The best way to export rails database data
Asked Answered
S

2

9

RAILS 5.1

I have a RAILS application thats using PostgreSQL as database. I want to export/dump the RAILS database data from the RAILS perspective. So I'm independend from the database. Later then I want to use this export/dump file to load/import/seed the data back into the database.

I have tried the following GEMs:

  • seed_dump
    It works, but it can't handle HABTM model relations.

  • yaml_db , It works, but the yaml format is not the format understood by a rails db:seed

Sihon answered 22/10, 2017 at 17:4 Comment(7)
Just use the pg backups tools. The "from the RAILS perspective" thing sounds like you are storing a bunch of other junk in the same db - don't.Weismann
No, I use this db only for this RAILS application. There is no other bunch of junk saved in this database. The pg backup tools stores the database data in a postgreSQL specific sql dump format, can't be used to load into a MySQL database. This is the big advantage when saving the database data "from the RAILS perspective".Sihon
Don't use mysql for test/dev if you are deploying to postgres. Your development environment should mirror your production as close as possible. Problem solved.Weismann
"For instance, avoid using different services between development and production, even when adapters theoretically abstract away any differences in services. Using SQLite locally and PostgreSQL in production; or local process memory for caching in development and Memcached in production, may seem innocuous at first but can be the cause of a variety of production issues.". This is from the Heroku docs but is generally applicable.Weismann
There are plenty of real world differences between MySQL and Postgres that can cause big issues. MySQL is notoriusly lax and will allow many ambigeous queries that Postgres will not.Weismann
Using MySQL beside PostgreSQL is not really my intention. I want only emphasise the advantage to export/dump database data in perspective of RAILS. I would like to use seed_dump, but seed_dump struggles with HABTM relation. What I really want to do, is to export/dump with a GEM like seed_dump. Now I can edit this file, and load/import it back with rails db:seed.Sihon
Sounds like a solution looking for a problem.Weismann
A
7

Here's a practical example of exporting to JSON. I use rake tasks to do this sort of thing. In this example I'm dumping a users table.

namespace :dataexport do
  desc 'export users who have logged in since 2017-06-30'
  task :recent_users => :environment do
    puts "Export users who have logged in since 2017-06-30"

    # Get a file ready, the 'data' directory has already been added in Rails.root
    filepath = File.join(Rails.root, 'data', 'recent_users.json')
    puts "- exporting users into #{filepath}"

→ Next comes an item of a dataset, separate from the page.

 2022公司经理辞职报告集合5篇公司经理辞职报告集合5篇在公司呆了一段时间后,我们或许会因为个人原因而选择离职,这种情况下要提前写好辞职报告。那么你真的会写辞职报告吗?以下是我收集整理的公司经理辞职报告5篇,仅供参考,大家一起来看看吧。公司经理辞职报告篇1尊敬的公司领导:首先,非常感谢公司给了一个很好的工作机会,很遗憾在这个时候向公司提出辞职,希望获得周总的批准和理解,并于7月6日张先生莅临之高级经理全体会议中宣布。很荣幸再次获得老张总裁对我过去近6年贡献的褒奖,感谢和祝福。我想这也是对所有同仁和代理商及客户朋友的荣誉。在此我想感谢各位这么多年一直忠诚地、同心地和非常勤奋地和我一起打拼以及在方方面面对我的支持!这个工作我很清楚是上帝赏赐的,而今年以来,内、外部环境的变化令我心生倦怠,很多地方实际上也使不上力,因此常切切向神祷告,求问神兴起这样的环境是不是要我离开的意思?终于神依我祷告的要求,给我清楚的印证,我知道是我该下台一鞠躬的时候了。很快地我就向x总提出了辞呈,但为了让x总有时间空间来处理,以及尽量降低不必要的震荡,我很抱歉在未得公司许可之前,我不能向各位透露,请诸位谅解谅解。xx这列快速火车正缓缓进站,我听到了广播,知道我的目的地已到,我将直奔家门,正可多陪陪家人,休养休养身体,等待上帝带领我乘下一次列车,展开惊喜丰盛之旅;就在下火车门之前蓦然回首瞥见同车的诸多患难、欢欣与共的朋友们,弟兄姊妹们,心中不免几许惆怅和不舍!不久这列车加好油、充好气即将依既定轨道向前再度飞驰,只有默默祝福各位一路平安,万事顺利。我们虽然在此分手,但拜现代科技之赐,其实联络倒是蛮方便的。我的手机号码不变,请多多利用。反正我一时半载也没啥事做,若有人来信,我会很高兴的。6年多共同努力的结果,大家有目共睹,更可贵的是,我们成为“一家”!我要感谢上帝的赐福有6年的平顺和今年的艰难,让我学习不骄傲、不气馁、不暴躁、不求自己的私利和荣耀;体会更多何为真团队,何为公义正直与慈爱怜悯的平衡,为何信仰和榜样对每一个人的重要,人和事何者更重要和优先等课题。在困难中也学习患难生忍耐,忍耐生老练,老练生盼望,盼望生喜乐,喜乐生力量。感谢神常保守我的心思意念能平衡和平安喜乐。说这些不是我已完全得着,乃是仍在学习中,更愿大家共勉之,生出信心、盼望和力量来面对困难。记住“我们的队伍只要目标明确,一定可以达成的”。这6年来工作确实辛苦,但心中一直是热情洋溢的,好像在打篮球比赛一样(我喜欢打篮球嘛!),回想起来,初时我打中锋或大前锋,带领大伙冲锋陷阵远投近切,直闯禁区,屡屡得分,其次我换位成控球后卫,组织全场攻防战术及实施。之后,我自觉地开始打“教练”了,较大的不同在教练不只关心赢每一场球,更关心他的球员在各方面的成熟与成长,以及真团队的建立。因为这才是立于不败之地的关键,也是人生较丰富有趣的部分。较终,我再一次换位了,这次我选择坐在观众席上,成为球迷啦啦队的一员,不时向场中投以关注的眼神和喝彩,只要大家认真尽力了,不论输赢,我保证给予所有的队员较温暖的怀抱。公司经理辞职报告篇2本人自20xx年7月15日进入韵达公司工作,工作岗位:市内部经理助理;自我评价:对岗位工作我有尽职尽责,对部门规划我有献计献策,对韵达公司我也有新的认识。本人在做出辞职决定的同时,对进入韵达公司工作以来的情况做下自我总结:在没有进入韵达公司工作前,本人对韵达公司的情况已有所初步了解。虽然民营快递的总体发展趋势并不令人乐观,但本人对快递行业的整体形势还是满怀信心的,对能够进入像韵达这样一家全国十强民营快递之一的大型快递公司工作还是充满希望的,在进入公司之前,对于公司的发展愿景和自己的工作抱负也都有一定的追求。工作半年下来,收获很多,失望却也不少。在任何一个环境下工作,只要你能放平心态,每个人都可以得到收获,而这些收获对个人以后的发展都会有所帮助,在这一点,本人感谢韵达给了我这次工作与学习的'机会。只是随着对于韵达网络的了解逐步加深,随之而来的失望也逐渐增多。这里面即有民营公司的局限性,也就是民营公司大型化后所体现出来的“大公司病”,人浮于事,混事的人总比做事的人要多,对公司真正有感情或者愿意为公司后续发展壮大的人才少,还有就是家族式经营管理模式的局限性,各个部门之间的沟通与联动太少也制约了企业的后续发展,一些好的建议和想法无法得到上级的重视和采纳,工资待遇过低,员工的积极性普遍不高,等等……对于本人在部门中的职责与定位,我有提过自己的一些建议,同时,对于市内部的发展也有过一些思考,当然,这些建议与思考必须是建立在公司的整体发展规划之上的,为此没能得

    # The key here is to use 'as_json', otherwise you get an ActiveRecord_Relation object, which extends
    # array, and works like in an array, but not for exporting
    users = User.where('last_login > ?', '2017-06-30').as_json

    # The pretty is nice so I can diff exports easily, if that's not important, JSON(users) will do
    File.open(filepath, 'w') do |f|
      f.write(JSON.pretty_generate(users))
    end

    puts "- dumped #{users.size} users"
  end
end

And then import

namespace :dataimport do
  desc 'import users from recent users dump'
  task :recent_users => :environment do
    puts "Importing current users"

    filepath = File.join(Rails.root, 'data', 'recent_users.json')
    abort "Input file not found: #{filepath}" unless File.exist?(filepath)

    current_users = JSON.parse(File.read(filepath))

    current_users.each do |cu|
      User.create(cu)
    end

    puts "- imported #{current_users.size} users"
  end
end

Sometimes as part of the import process I'll want a clean table to import into, in which case I'd start the taske with:

ActiveRecord::Base.connection.execute("TRUNCATE users")

This would not be the best way to handle Really Big tables, greater than, oh, 50,000 rows, and/or with lots of text fields. In which case the db native dump/import tools would be more appropriate.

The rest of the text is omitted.